• _The task_: Make an exact copy, from the records below, of the lines from the line containing "(16/09) Yana Klochkova" to the line containing "Bij binnenkomst valt", both lines included, excluding pictures.

• _Task data_:
---

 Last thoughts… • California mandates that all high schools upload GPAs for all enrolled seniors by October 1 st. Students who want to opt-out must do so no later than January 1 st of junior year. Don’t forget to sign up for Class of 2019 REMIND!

---

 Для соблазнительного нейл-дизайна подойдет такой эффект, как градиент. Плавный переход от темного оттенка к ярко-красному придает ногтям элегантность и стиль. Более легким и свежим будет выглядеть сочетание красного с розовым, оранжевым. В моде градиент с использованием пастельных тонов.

---

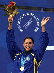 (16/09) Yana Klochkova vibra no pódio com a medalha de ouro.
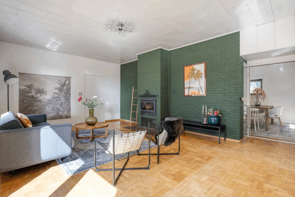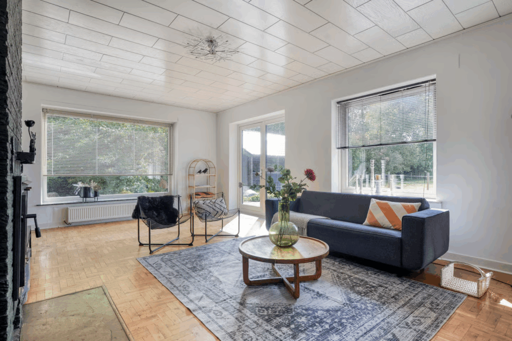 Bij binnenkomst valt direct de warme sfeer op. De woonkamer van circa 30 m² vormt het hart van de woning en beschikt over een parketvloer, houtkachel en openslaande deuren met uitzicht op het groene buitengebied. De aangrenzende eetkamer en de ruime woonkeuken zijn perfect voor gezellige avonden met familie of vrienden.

---

• _Task answer_:
 (16/09) Yana Klochkova vibra no pódio com a medalha de ouro.
 Bij binnenkomst valt direct de warme sfeer op. De woonkamer van circa 30 m² vormt het hart van de woning en beschikt over een parketvloer, houtkachel en openslaande deuren met uitzicht op het groene buitengebied. De aangrenzende eetkamer en de ruime woonkeuken zijn perfect voor gezellige avonden met familie of vrienden.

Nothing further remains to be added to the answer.